All you had to do was fall into the sky.
Syl remained, spinning around him in a swirl until finally coming to rest on his shoulder. She sat, then looked down.
“Not many men ever see this view,” she noted. From up here, the warcamps—circles of fire to his right—seemed insignificant. It was cold enough to be uncomfortable. Rock claimed the air was thinner up high, though Kaladin couldn’t tell any difference.
“I’ve been trying to get you to do this for a while now,” Syl said.
“It’s like when I first picked up a spear,” Kaladin whispered. “I was just a child. Were you with me back then? All that time ago?”
“No,” Syl said, “and yes.”
“It can’t be both.”
“It can. I knew I needed to find you. And the winds knew you. They led me to you.”
“So everything I’ve done,” Kaladin said. “My skill with the spear, the way I fight. That’s not me. It’s you.”
“It’s us.”
“It’s cheating. Unearned.”
“Nonsense,” Syl said. “You practice every day.”
“I have an advantage.”
“The advantage of talent,” Syl said. “When the master musician first picks up an instrument and finds music in it that nobody else can, is that cheating? Is that art unearned, just because she is naturally more skilled? Or is it genius?”

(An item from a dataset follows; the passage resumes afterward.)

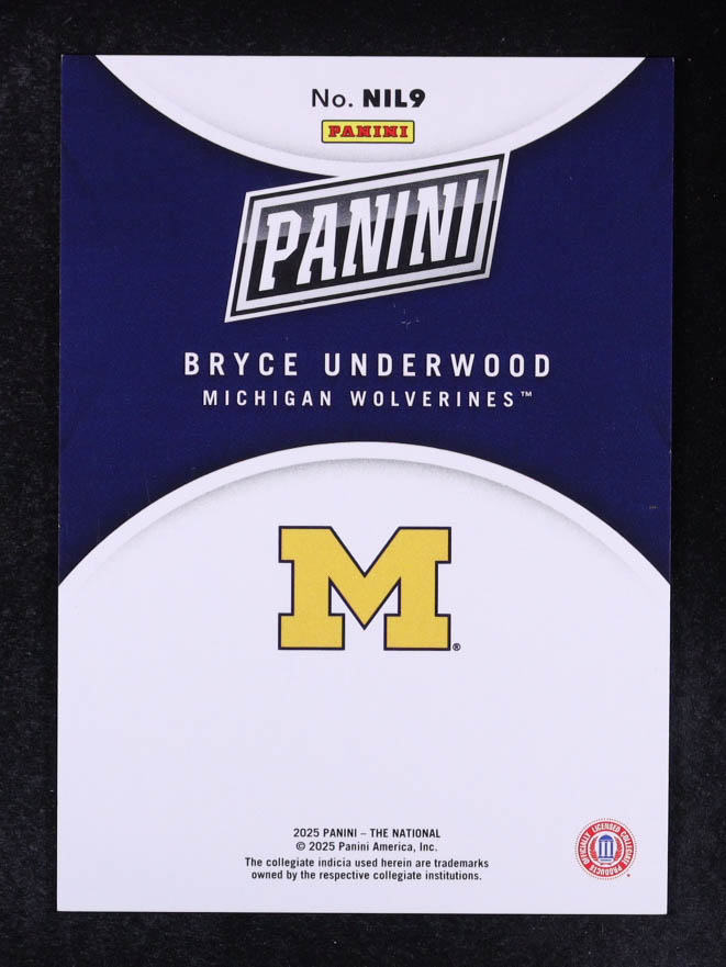 Bryce Underwood 2025 Panini National Convention Feasability Silver Pack VIP NIL Blue #NIL9 #28/50 RC

Kaladin Lashed himself westward, back toward the warcamps. He didn’t want to leave himself stranded in the middle of the Shattered Plains without Stormlight. The tempest within had calmed greatly since he started. He fell in that direction for a time—getting as close as he dared before slowing himself—then removed part of the upward Lashing and began to drift downward.
“I’ll take it,” Kaladin said. “Whatever it is that gives me that edge. I’ll use it. I’ll need it to beat him.”
Syl nodded, still sitting on his shoulder.
“You don’t think he has a spren,” Kaladin said. “But how does he do what he does?”